Items from a dataset:
□ □ □ □

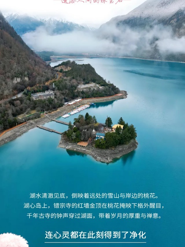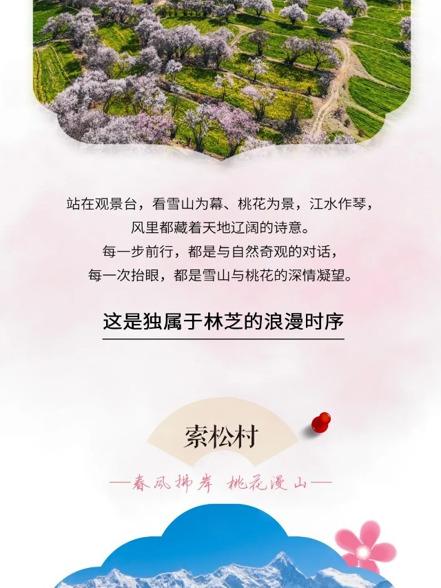 随后驱车前往嘎拉桃花村,这里三月桃花盛开,漫山遍野。桃园依山傍水,极目远眺,眼底尽是尼洋河风光。水中倒映着对面青山,远处雪山分外妖娆。
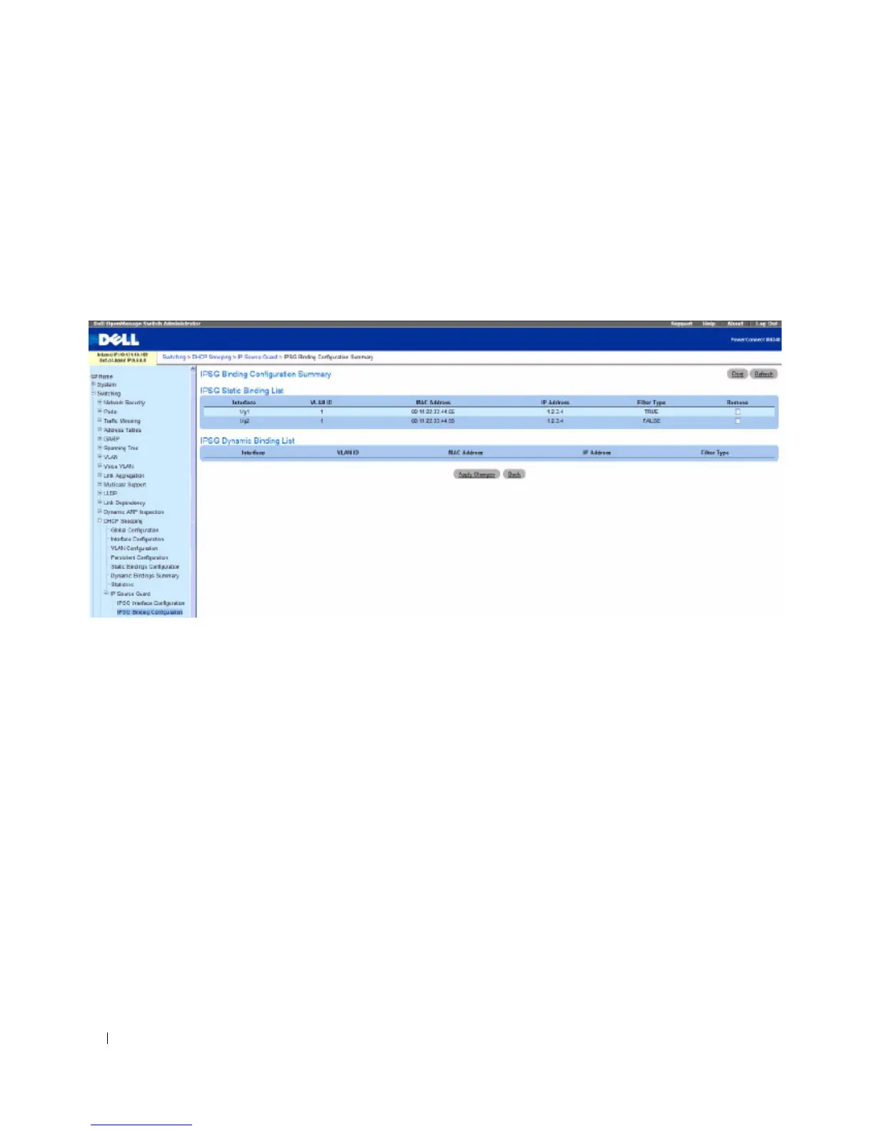 To access the IPSG Binding Configuration Summary page, click Switching > DHCP Snooping > IP
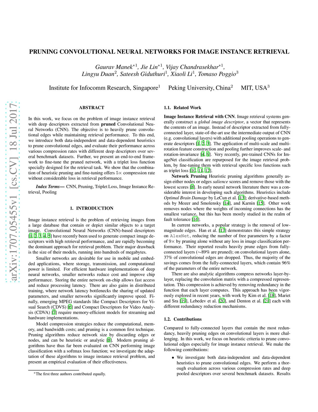 Pruning Convolutional Neural Networks for Image Instance Retrieval
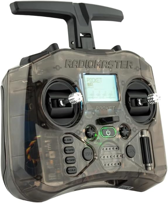 RadioMaster Pocket è un'ottima scelta per i piloti che cercano una radio piccola e leggera con tutte le potenti funzionalità che ti aspetti. Disponibile nelle versioni ExpressLRS e MPM CC2500/Preinstallato con firmware EdgeTX Caratteristiche cardaniche effetto hall come standard per cantering liscio e risposta precisa Le luci LED integrate aiutano a visualizzare gli ingressi degli interruttori/schermo LCD retroilluminato offrendo un perfetto equilibrio tra dimensioni e funzionalità Nella scatola: Radio tascabile, custodia per il trasporto personalizzata, cavo USB-C, accessori, manuale utente
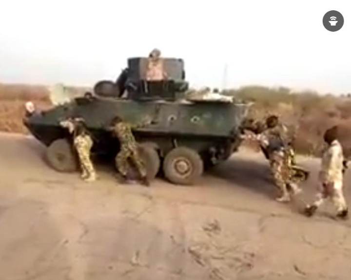 Fuel Subsidy: Outrage Erupts As Soldiers Captured Pushing Armored Tank Amid Crisis- Catch It On Video
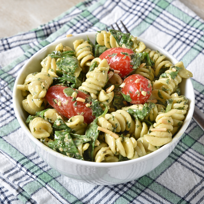 Serviere sie auf einem Teller zusammen mit frischem Basilikum und Pinienkernen
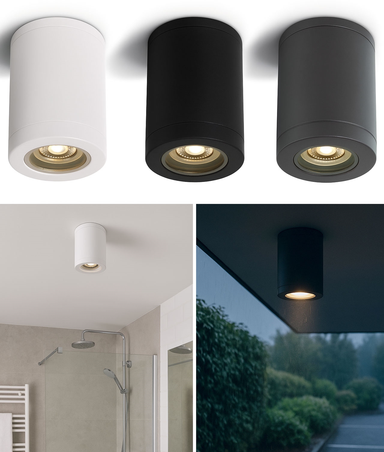 £17.50 inc VATThis ceiling-mounted cylinder downlight offers a sleek and modern design, making it an ideal choice for contemporary spaces. Crafted with durability in mind, this downlight is IP65 rated, ensuring it is fully protected against dust and water, making it suitable for use in areas where exposure to moisture is a concern, such as bathrooms or outdoor settings.
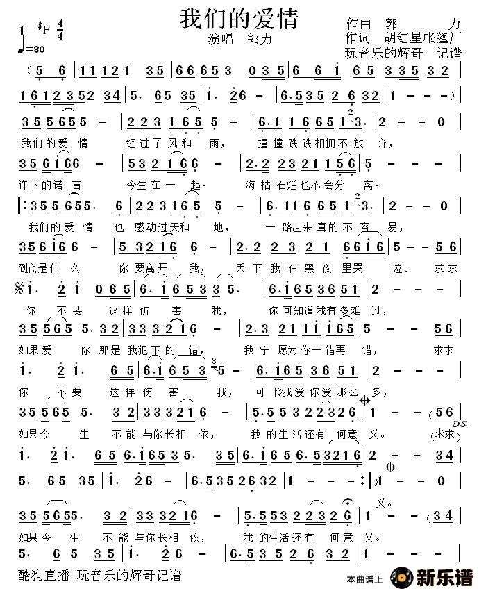 郭力演唱的我们的爱情歌词,我们的爱情最新曲谱.
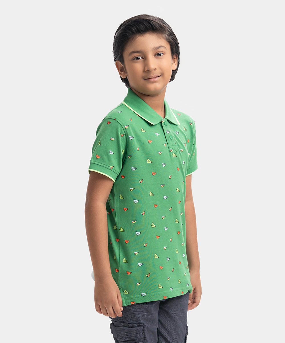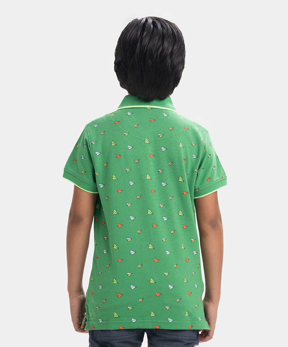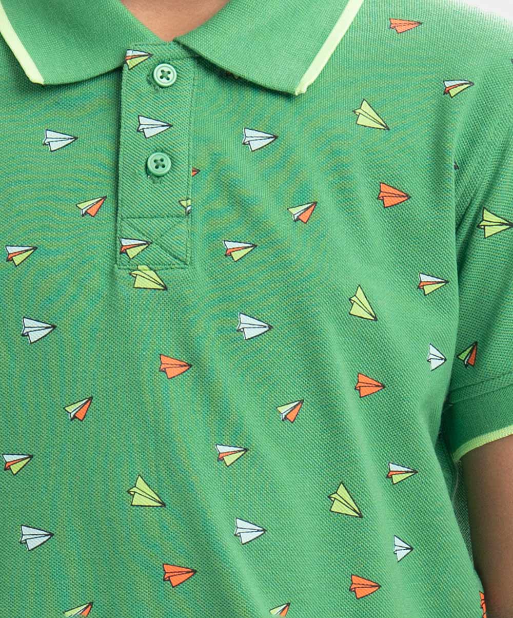 Kid boys Polo in cotton pique fabric. Classic collar, short sleeves and all-over paper plane printed.
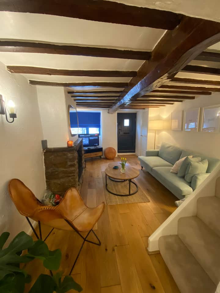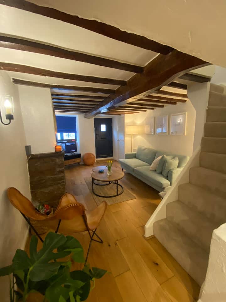 1750-იანების კოტეჯი ღია ცეცხლით და კოჭებით
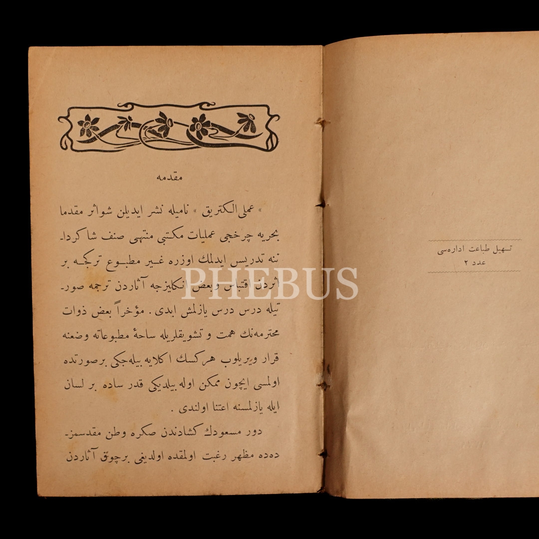 Tershane-i Amire Elektrik Fabrikası çarhçılarından Mustafa Lütfü Efendi'nin, Bahriye Çarhçı Ameliyat Mektebi'nin son sınıf öğrencilerinin elektrik derslerinde okutulmak üzere kaleme aldığı eseridir.

□ □ □ □

▸ Assigned task: Above are entries with pictures among them. Write out exactly the lines from the one containing "To access the" through the one containing "Fuel Subsidy: Outrage", ends included, and leave those pictures out.

▸ Answer:
 To access the IPSG Binding Configuration Summary page, click Switching > DHCP Snooping > IP
 Pruning Convolutional Neural Networks for Image Instance Retrieval
 RadioMaster Pocket è un'ottima scelta per i piloti che cercano una radio piccola e leggera con tutte le potenti funzionalità che ti aspetti. Disponibile nelle versioni ExpressLRS e MPM CC2500/Preinstallato con firmware EdgeTX Caratteristiche cardaniche effetto hall come standard per cantering liscio e risposta precisa Le luci LED integrate aiutano a visualizzare gli ingressi degli interruttori/schermo LCD retroilluminato offrendo un perfetto equilibrio tra dimensioni e funzionalità Nella scatola: Radio tascabile, custodia per il trasporto personalizzata, cavo USB-C, accessori, manuale utente
 Fuel Subsidy: Outrage Erupts As Soldiers Captured Pushing Armored Tank Amid Crisis- Catch It On Video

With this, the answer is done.